Assigned task
Copy nothing but the lines below, from the one with "Sada obsahuje nafukovací" through the one with "Новогодний подарочный набор", exactly as written; no pictures should appear.

Exercise materials
══════
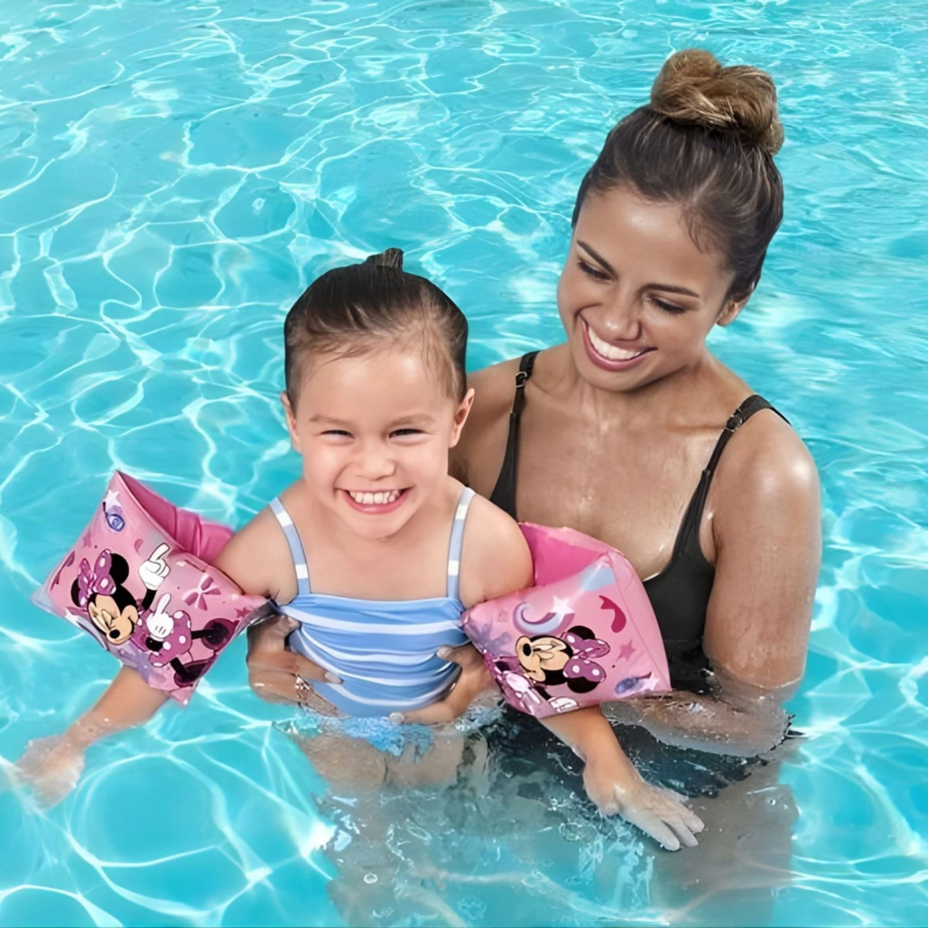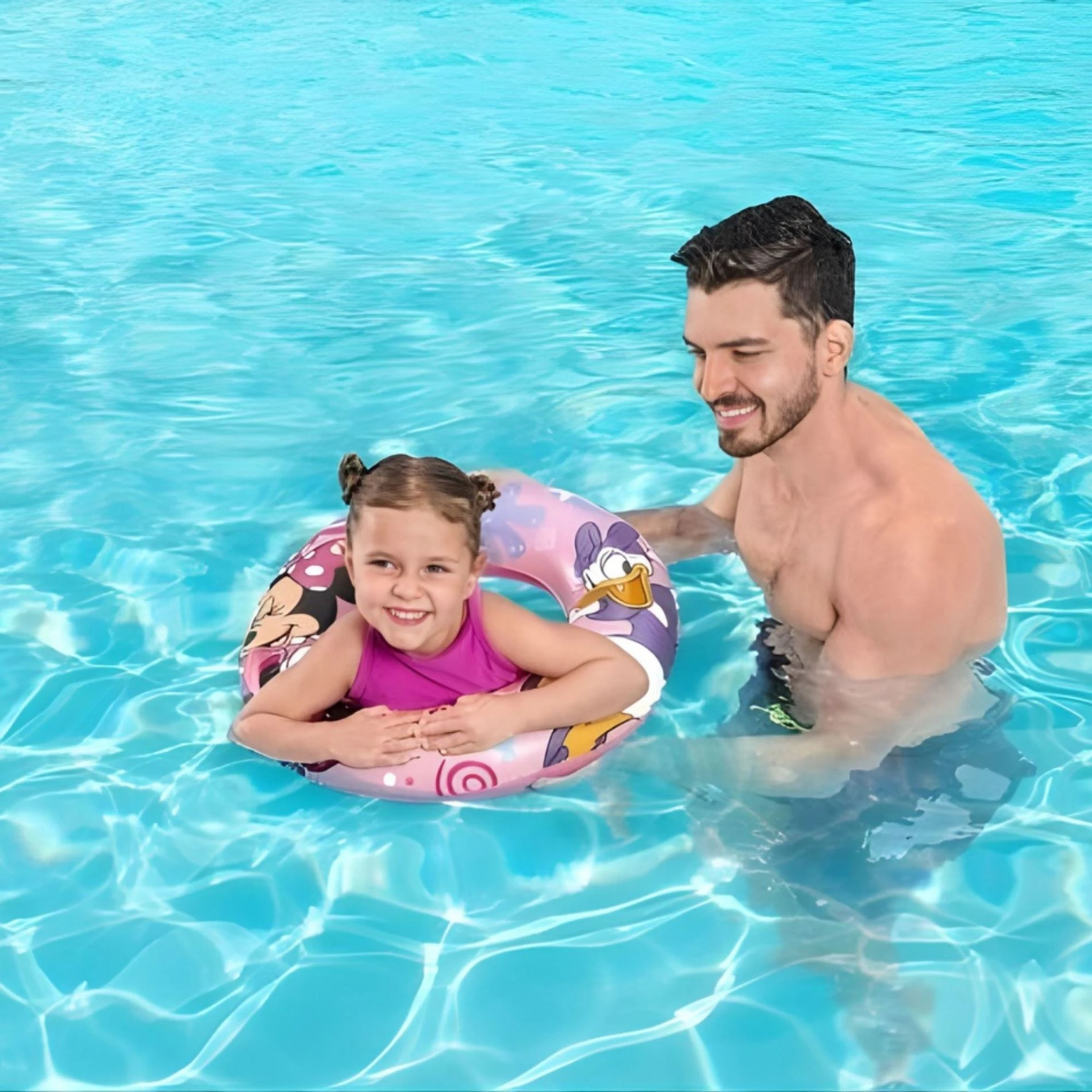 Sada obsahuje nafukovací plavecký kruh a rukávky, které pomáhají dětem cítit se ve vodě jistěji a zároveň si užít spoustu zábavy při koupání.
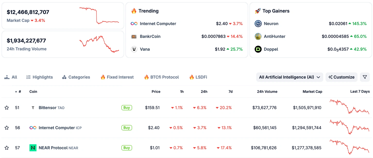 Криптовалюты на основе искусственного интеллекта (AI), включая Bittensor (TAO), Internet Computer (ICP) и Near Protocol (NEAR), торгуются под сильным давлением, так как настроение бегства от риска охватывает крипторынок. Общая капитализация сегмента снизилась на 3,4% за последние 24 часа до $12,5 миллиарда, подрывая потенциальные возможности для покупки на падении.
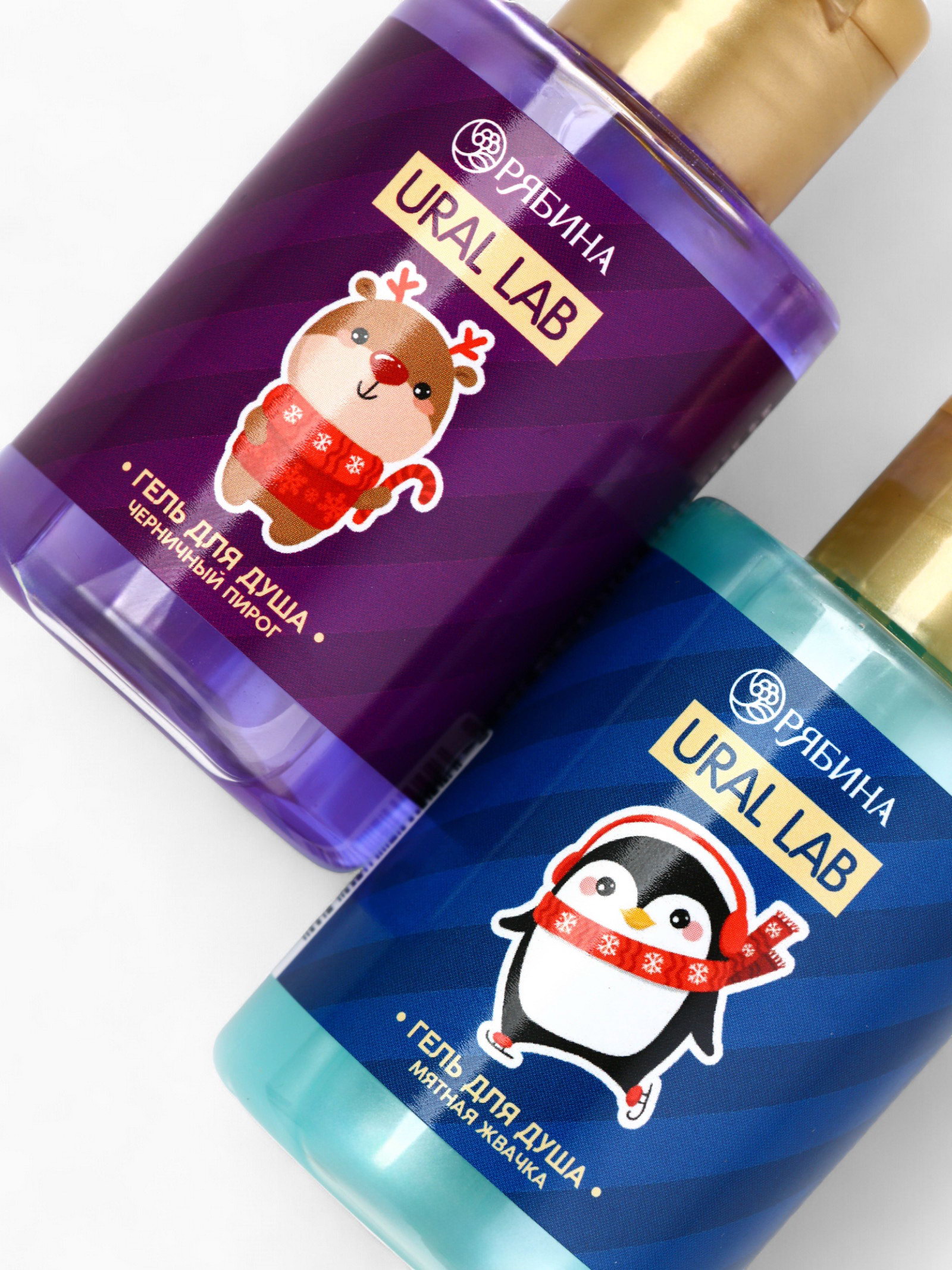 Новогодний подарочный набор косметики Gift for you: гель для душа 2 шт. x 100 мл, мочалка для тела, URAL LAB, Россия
══════
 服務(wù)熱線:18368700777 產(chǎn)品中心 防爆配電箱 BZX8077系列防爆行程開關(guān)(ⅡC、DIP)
══════
Solution
 Sada obsahuje nafukovací plavecký kruh a rukávky, které pomáhají dětem cítit se ve vodě jistěji a zároveň si užít spoustu zábavy při koupání.
 Криптовалюты на основе искусственного интеллекта (AI), включая Bittensor (TAO), Internet Computer (ICP) и Near Protocol (NEAR), торгуются под сильным давлением, так как настроение бегства от риска охватывает крипторынок. Общая капитализация сегмента снизилась на 3,4% за последние 24 часа до $12,5 миллиарда, подрывая потенциальные возможности для покупки на падении.
 Новогодний подарочный набор косметики Gift for you: гель для душа 2 шт. x 100 мл, мочалка для тела, URAL LAB, Россия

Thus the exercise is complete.